そういうときは――自覚させてあげれば良きだ。うむ。
「じゃあ早速【大軍一将之真神】のSP振りをご教授しようじゃないか!」
「え?」
「…………始まったわね。クイナダ、覚悟を決めておきなさい。ゼフィルスがこうなったら。もう何があっても強くなる道以外ないわ」
「強くなる道以外ないってどういうこと!?」
「まず四段階目ツリーだが、このメモのスキルに振っておいてほしい。強いぞ。あ、全部1ずつだぞ? 2振っちゃダメだぞ? それは五段階目ツリーになってからだ」
「何このメモ!? 五段階目ツリーって何!?」
「はぁ、なんだか久しぶりに見た気がするわこの光景」
「もちろん今から説明するぞ! 詳しく、くわ~しくな!」
クイナダが今回就いた【大軍一将之真神】は純粋なアタッカーの職業だ。
【ソルウル】が全体的にパワーアップした感じだが、そのパワーと破壊力は桁違い。
大軍一将と名の付いている通り、リカとは近い位置にいる武将系だ。
立ち回りという観点で見ると、多くのモンスターをなぎ倒しながら無双し敵を討つ一騎当千の活躍と、タイマンで相当強い能力を誇ることからかなりの人気があった職業だった。
眷属モンスターがわんさか出るボス戦で、眷属モンスターをなぎ倒し無双しながらボスにたどり着き討つ動画とかもあって、とてもバズりまくっていたのをよく覚えている。
対人戦では【大軍一将之真神】をここぞという場面で投入したことで、形勢すら逆転してしまえるほどの力を持っているからマジヤベぇ。
端的に言うと、必殺技があるんだ。
それをまともに食らうと一発でアタッカーが退場するレベル。こうして形勢は逆転してしまうというわけだな。
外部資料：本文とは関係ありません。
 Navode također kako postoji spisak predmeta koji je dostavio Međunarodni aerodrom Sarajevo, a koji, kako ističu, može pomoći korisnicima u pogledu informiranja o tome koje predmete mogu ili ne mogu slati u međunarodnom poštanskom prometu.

さすがは武将だ。恐ろしい。
さらに下級職では斥候技能も持っていたが、武将になってからは直感が冴え渡るようになり、危機に対する察知能力が大変高まっている。そんな職業だ。
しかし、この様子からクイナダはまったく【大軍一将之真神】の能力を理解していない様子。
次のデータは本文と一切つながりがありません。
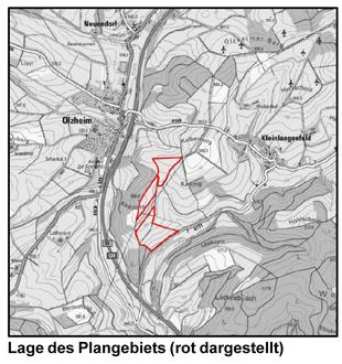 Das Plangebiet liegt ca. 350 m südöstlich von Olzheim und ca. 600 m südwestlich von Kleinlangenfeld. Die Fläche ist ca. 16,4 ha groß und wird landwirtschaftlich genutzt.

覚醒の光も忘れていたくらいだから、【ソルウル】になったことも偶然で【大軍一将之真神】になんて就ける訳がないとか思って何も調べていない感じかな?
オーケーオーケー。それなら俺に全て任せておけ。
俺がしっかり教えてやる!
俺以上に職業を知っている人はいないよ?
こうして教育すること2日間、クイナダは【大軍一将之真神】の特性と立ち回り方を、大いに理解したのだった。